Troubling. Confusing. Mysterious. True? For two millennia the answer from the church seems to have been “yes.” Today, we are not so sure.
Did Jesus not say to the thief Today you will be with me in paradise?
Did he not cry out with his dying breath It is finished?
How, then, could we have been wrong all this time? Did John Calvin, in haste to get to the part about predestination, skim over the final words of Jesus? Did Martin Luther have the pope on his mind when he translated the story of Jesus from Greek to German? Could he have missed the dying words of Jesus? Was St. Augustine checking out some pretty girls when he came to the crucifixion scene in all four of the gospel accounts (he was a self-confessed sex-addict, as we might say today!)? How could the cloud of witnesses have been wrong for thousands of years about something as simple as the sequence of the death, burial and resurrection of Jesus?
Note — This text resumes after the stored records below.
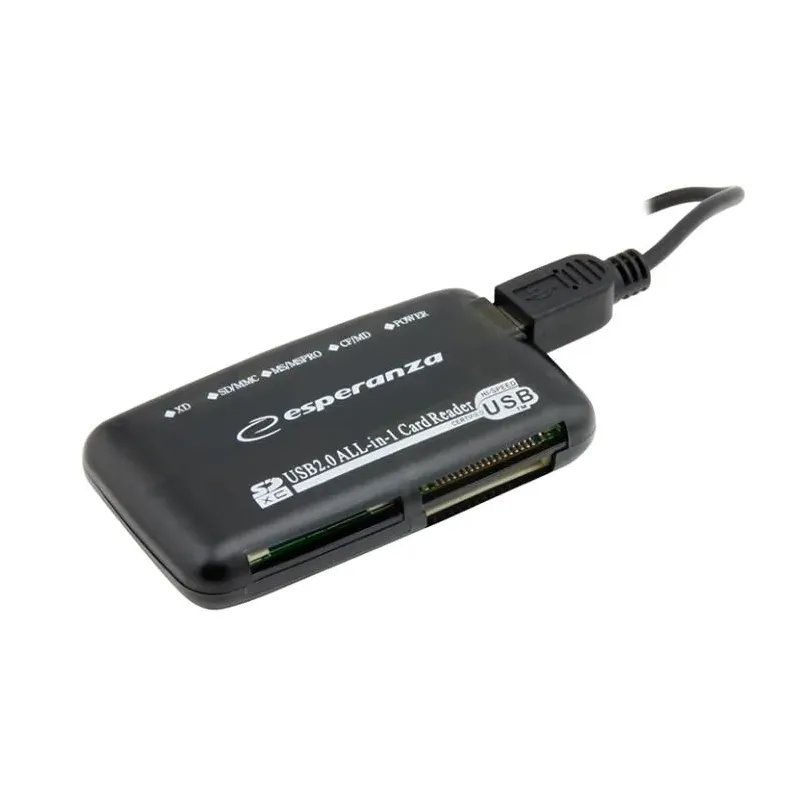 Uniwersalny czytnik Kart Pamięci Esperanza EA117 USB 2.0 to czytnik kart pamięci. Umożliwia odczyt kart SD, microSD i innych nośników.
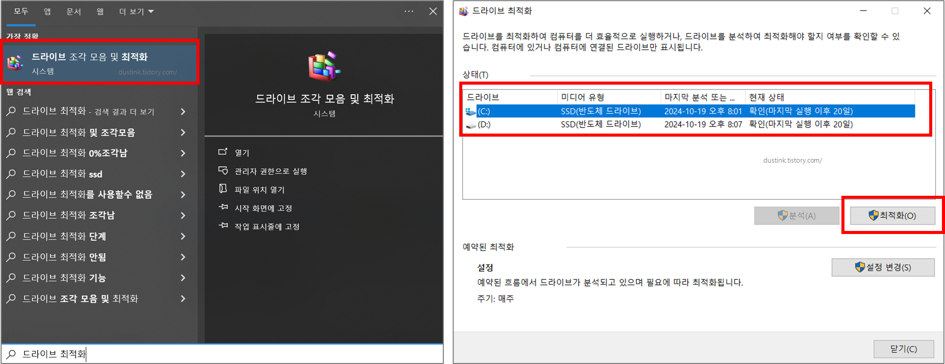 - 어디서? 설정 > 시스템 > 저장소 > 드라이브 조각 모음 및 최적화
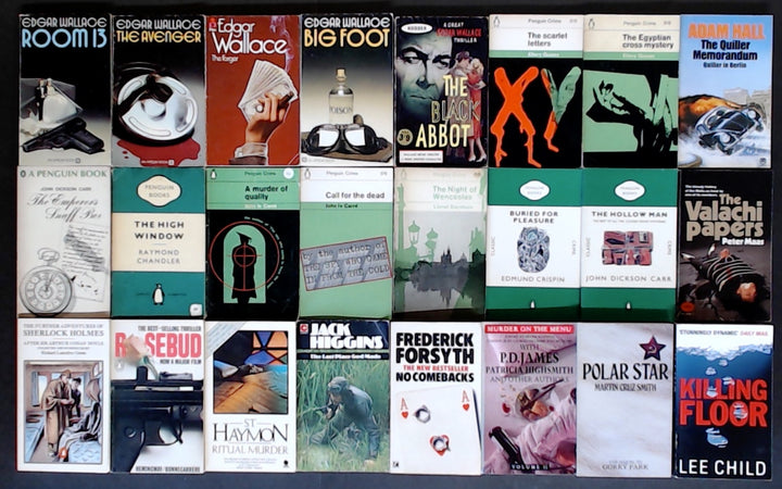 This extensive collection of twenty-four books offers a masterclass in classic crime, espionage, and thriller writing. The box features a stellar lineup of iconic Penguin Crime editions, including early George Smiley novels by John le Carré and the hardboiled noir of Raymond Chandler. Alongside five pulp thrillers from the prolific Edgar Wallace, readers will find the definitive locked-room mystery by John Dickson Carr and the explosive debut of Lee Child’s Jack Reacher. From the foggy streets of London to the frozen decks of a Soviet trawler, this set covers the full spectrum of mystery fiction’s golden and modern ages. Each book is secondhand and may show signs of wear.
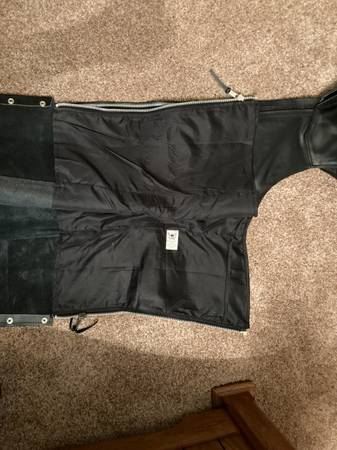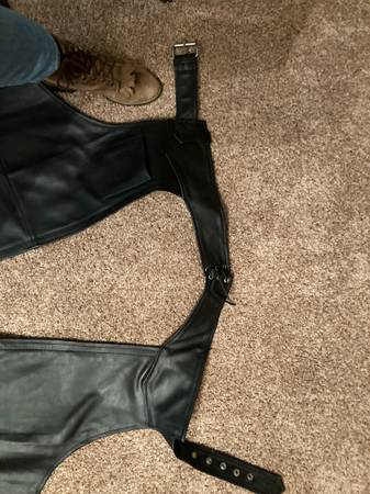 This is a pair of ladie's black leather chaps. This pair has no wear, cracking, sweat, or wrinkles. It will fit a woman 5'4" or near that (can be cut off for shorter women). They have been stored inside in a closet. These have a polyester liner. Size Medium.
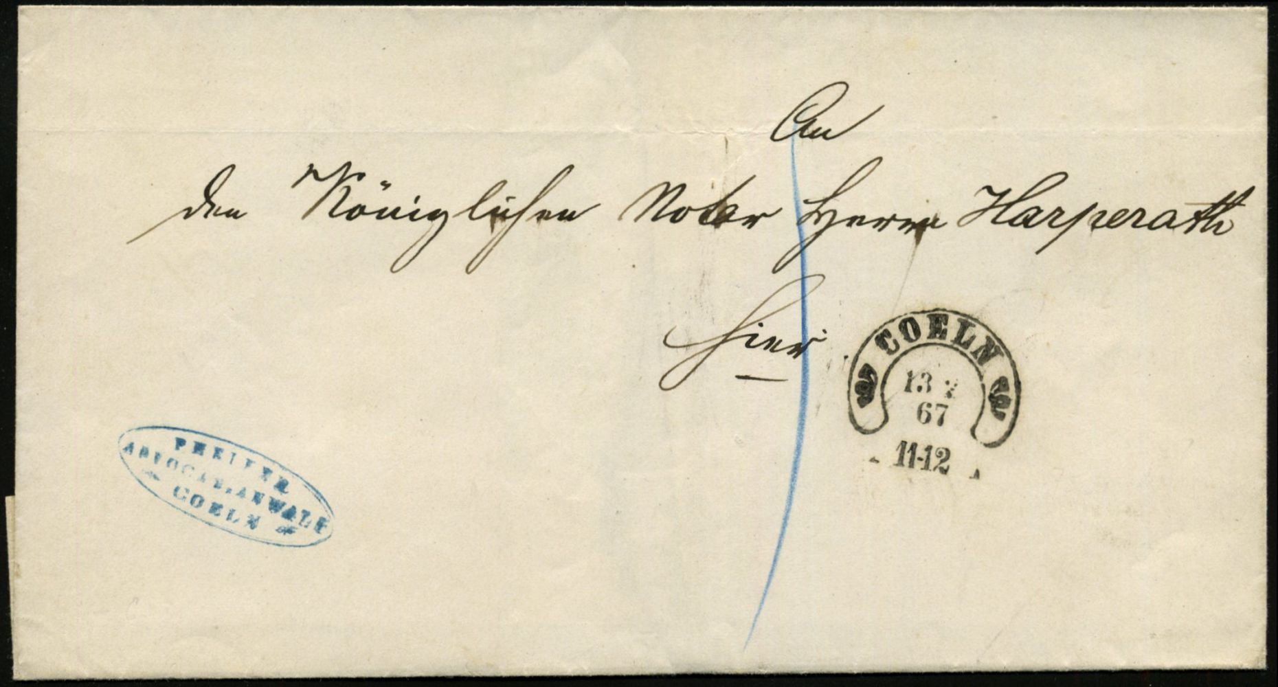 8883 | 18 € | 5000 KÖLN (Allgem. Teil, Tagesstempel, Ganzsachen etc.) : Köln 1867 (13.7.) kleiner H u f e i s e n - Stempel: C O E L N mit 2 Posthörern , klar gest. unfrankierte Orts-Justiz-Briefhülle | ![]() | |
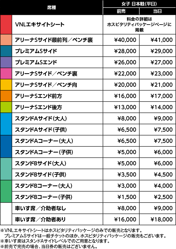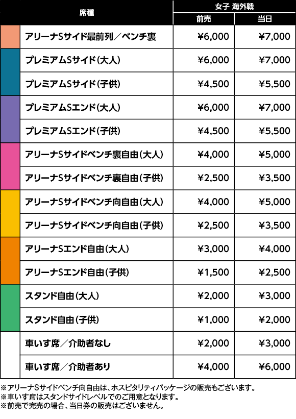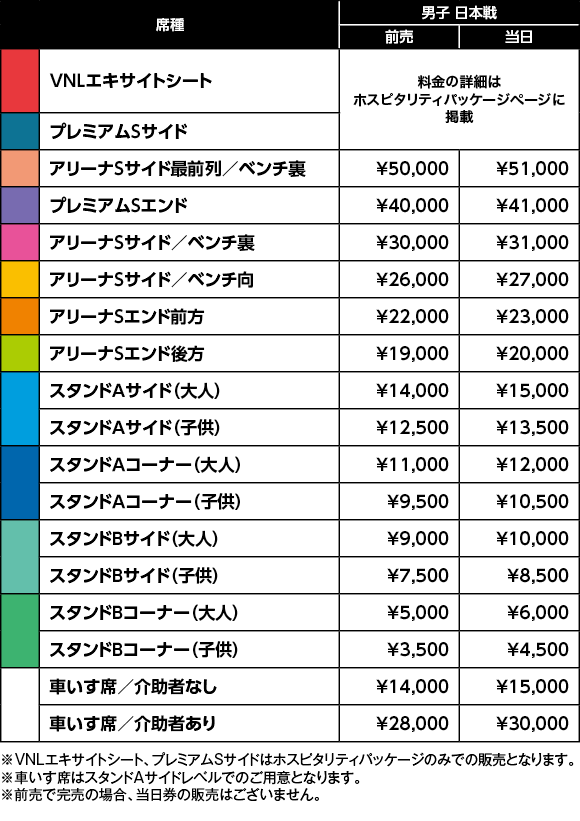 ・車いす席介助者の方は、車いすご利用のお客様と同時入場が必要です。介助者の方が2名以上の場合は、チケット購入前にhttps://www.jva.or.jp/faq/から問合せください。車いす席は一般発売からの販売となります。
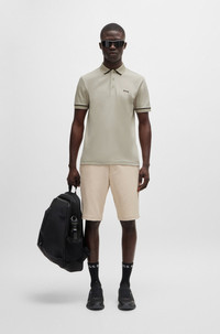 SIZE AND FIT The model wears a size M and is 6'0" tall with a, 31" chest, 26" waist and 35" hips. DETAILS Paule - 50519720 A premium polo shirt by BOSS Menswear. Featuring contrast tipping and a logo print, this slim-fit top is engineered in soft interlock cotton. Slim fit Neckline: Flat-knit collar Number of buttons: 3 Short sleeves Flat-knit cuffs Standard length QUALITY & CARE INSTRUCTIONS Do Not Bleach Do Not Tumble Dry Quality: 100% Cotton Do Not Dry Clean Iron Low Heat Machine Wash Cold Gentle

Every Sunday, all around the world, many of us confess these four words in the middle of what is called The Apostles’ Creed. For centuries (something like twenty centuries), we have stood up and confessed the ancient words that, while not in the bible, we agree to be a summary of the faith we have been born into through the water and the word.
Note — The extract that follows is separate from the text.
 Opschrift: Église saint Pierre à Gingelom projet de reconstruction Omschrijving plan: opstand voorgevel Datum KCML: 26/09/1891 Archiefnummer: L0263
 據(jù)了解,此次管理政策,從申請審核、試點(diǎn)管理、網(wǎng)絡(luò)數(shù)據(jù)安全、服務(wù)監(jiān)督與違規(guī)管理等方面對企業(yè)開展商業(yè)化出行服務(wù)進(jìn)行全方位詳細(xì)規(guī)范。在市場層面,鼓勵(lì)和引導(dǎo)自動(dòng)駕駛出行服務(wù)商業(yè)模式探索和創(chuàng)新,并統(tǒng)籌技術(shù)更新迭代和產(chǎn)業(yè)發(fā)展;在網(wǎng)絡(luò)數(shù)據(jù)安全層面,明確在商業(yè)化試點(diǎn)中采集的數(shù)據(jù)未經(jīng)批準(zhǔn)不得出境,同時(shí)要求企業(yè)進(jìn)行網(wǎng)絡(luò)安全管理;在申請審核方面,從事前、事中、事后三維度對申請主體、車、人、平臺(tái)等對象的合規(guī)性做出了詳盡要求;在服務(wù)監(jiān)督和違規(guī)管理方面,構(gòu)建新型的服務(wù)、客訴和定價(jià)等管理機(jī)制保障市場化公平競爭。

But could we be wrong? Could they have all been wrong?
Then answer of course, is “yes.” Since when does our discovery that a chorus of scholars and leaders has been wrong all along qualify as front-page news? You would have thought we learned our lesson with Copernicus, or Columbus- or even Luther himself. As long as we are breathing we have possibility of being wrong- in fact, we have the propensity for it. Since when does a collection of idiots guarantee a lack of idiocy? Of course the Fathers could be dead wrong for including this statement in so sacred a document. In fact, the odds are that they were wrong, given our simple arithmetic.
The next question, however, becomes is it not also possible that we are wrong? We are under the same curse as our fathers, after all, right? It could be that our judgment is flawed. Once again G.K. Chesterton’s words ring true:
A man was meant to be doubtful about himself, but undoubting about the truth; this has been exactly reversed.
If we are willing to call two thousand years worth of our fathers thought crazy, we had better have a good reason!
But is it important, this whole discussion about a little statement like He descended into hell? Why should we, who have our own personal demons to do battle with on a moment-by-moment basis, spend our time worrying about whether or not Jesus went down to hell for us?
Here again is one of our questions with it’s own answer.
We, who do battle with the demons of pride, lust, shame, anger, gluttony, self-hatred and addiction would be the first in line to investigate the triumph of Jesus over the hell, right? We have all been in the place where we feel abandoned- cast out of the presence of God. This little phrase provides proof that Jesus has taken this abandonment on his own head for us.
We, who do not have time for such trifling phrases are the ones who need them most.
Let’s take a few weeks and talk about Jesus’ descent into hell for us, shall we?